◆ PROBLEM DETAILS
Extract all of the data and reproduce it precisely.
-*-*-
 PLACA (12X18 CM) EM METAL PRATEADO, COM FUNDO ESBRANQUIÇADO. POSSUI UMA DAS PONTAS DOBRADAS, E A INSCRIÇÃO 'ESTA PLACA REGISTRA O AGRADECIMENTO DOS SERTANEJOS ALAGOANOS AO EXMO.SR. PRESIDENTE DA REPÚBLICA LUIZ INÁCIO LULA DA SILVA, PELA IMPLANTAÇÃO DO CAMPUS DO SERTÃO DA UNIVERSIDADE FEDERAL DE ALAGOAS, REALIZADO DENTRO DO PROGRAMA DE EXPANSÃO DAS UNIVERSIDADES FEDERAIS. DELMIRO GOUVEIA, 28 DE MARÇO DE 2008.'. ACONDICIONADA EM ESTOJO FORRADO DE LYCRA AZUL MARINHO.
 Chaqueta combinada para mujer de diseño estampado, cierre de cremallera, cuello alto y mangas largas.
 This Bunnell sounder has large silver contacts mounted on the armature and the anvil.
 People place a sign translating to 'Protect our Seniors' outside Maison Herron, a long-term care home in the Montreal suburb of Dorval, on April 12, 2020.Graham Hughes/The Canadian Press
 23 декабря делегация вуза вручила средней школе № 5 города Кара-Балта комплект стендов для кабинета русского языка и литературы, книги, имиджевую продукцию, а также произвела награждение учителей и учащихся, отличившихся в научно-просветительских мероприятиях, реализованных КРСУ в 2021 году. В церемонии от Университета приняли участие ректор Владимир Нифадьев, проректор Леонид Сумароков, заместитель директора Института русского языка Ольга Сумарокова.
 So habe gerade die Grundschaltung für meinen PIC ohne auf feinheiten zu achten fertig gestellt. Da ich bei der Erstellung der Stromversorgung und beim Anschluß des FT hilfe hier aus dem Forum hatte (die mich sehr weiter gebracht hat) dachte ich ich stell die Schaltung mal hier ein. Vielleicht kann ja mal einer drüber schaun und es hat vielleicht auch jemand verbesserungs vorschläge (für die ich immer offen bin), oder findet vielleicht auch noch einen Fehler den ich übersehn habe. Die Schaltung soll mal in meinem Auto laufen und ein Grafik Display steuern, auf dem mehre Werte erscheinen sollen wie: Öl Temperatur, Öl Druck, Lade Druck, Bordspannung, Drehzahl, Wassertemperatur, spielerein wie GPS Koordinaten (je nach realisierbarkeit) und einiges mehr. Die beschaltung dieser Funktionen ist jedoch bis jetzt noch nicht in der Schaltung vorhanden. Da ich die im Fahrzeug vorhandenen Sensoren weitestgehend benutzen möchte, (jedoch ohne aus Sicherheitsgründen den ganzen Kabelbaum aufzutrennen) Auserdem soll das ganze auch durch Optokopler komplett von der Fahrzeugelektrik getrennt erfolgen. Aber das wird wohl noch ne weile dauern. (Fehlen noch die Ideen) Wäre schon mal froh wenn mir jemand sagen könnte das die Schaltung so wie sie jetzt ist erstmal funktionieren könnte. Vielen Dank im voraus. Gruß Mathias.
-*-*-
◆ WORKED SOLUTION
 PLACA (12X18 CM) EM METAL PRATEADO, COM FUNDO ESBRANQUIÇADO. POSSUI UMA DAS PONTAS DOBRADAS, E A INSCRIÇÃO 'ESTA PLACA REGISTRA O AGRADECIMENTO DOS SERTANEJOS ALAGOANOS AO EXMO.SR. PRESIDENTE DA REPÚBLICA LUIZ INÁCIO LULA DA SILVA, PELA IMPLANTAÇÃO DO CAMPUS DO SERTÃO DA UNIVERSIDADE FEDERAL DE ALAGOAS, REALIZADO DENTRO DO PROGRAMA DE EXPANSÃO DAS UNIVERSIDADES FEDERAIS. DELMIRO GOUVEIA, 28 DE MARÇO DE 2008.'. ACONDICIONADA EM ESTOJO FORRADO DE LYCRA AZUL MARINHO.
 Chaqueta combinada para mujer de diseño estampado, cierre de cremallera, cuello alto y mangas largas.
 This Bunnell sounder has large silver contacts mounted on the armature and the anvil.
 People place a sign translating to 'Protect our Seniors' outside Maison Herron, a long-term care home in the Montreal suburb of Dorval, on April 12, 2020.Graham Hughes/The Canadian Press
 23 декабря делегация вуза вручила средней школе № 5 города Кара-Балта комплект стендов для кабинета русского языка и литературы, книги, имиджевую продукцию, а также произвела награждение учителей и учащихся, отличившихся в научно-просветительских мероприятиях, реализованных КРСУ в 2021 году. В церемонии от Университета приняли участие ректор Владимир Нифадьев, проректор Леонид Сумароков, заместитель директора Института русского языка Ольга Сумарокова.
 So habe gerade die Grundschaltung für meinen PIC ohne auf feinheiten zu achten fertig gestellt. Da ich bei der Erstellung der Stromversorgung und beim Anschluß des FT hilfe hier aus dem Forum hatte (die mich sehr weiter gebracht hat) dachte ich ich stell die Schaltung mal hier ein. Vielleicht kann ja mal einer drüber schaun und es hat vielleicht auch jemand verbesserungs vorschläge (für die ich immer offen bin), oder findet vielleicht auch noch einen Fehler den ich übersehn habe. Die Schaltung soll mal in meinem Auto laufen und ein Grafik Display steuern, auf dem mehre Werte erscheinen sollen wie: Öl Temperatur, Öl Druck, Lade Druck, Bordspannung, Drehzahl, Wassertemperatur, spielerein wie GPS Koordinaten (je nach realisierbarkeit) und einiges mehr. Die beschaltung dieser Funktionen ist jedoch bis jetzt noch nicht in der Schaltung vorhanden. Da ich die im Fahrzeug vorhandenen Sensoren weitestgehend benutzen möchte, (jedoch ohne aus Sicherheitsgründen den ganzen Kabelbaum aufzutrennen) Auserdem soll das ganze auch durch Optokopler komplett von der Fahrzeugelektrik getrennt erfolgen. Aber das wird wohl noch ne weile dauern. (Fehlen noch die Ideen) Wäre schon mal froh wenn mir jemand sagen könnte das die Schaltung so wie sie jetzt ist erstmal funktionieren könnte. Vielen Dank im voraus. Gruß Mathias.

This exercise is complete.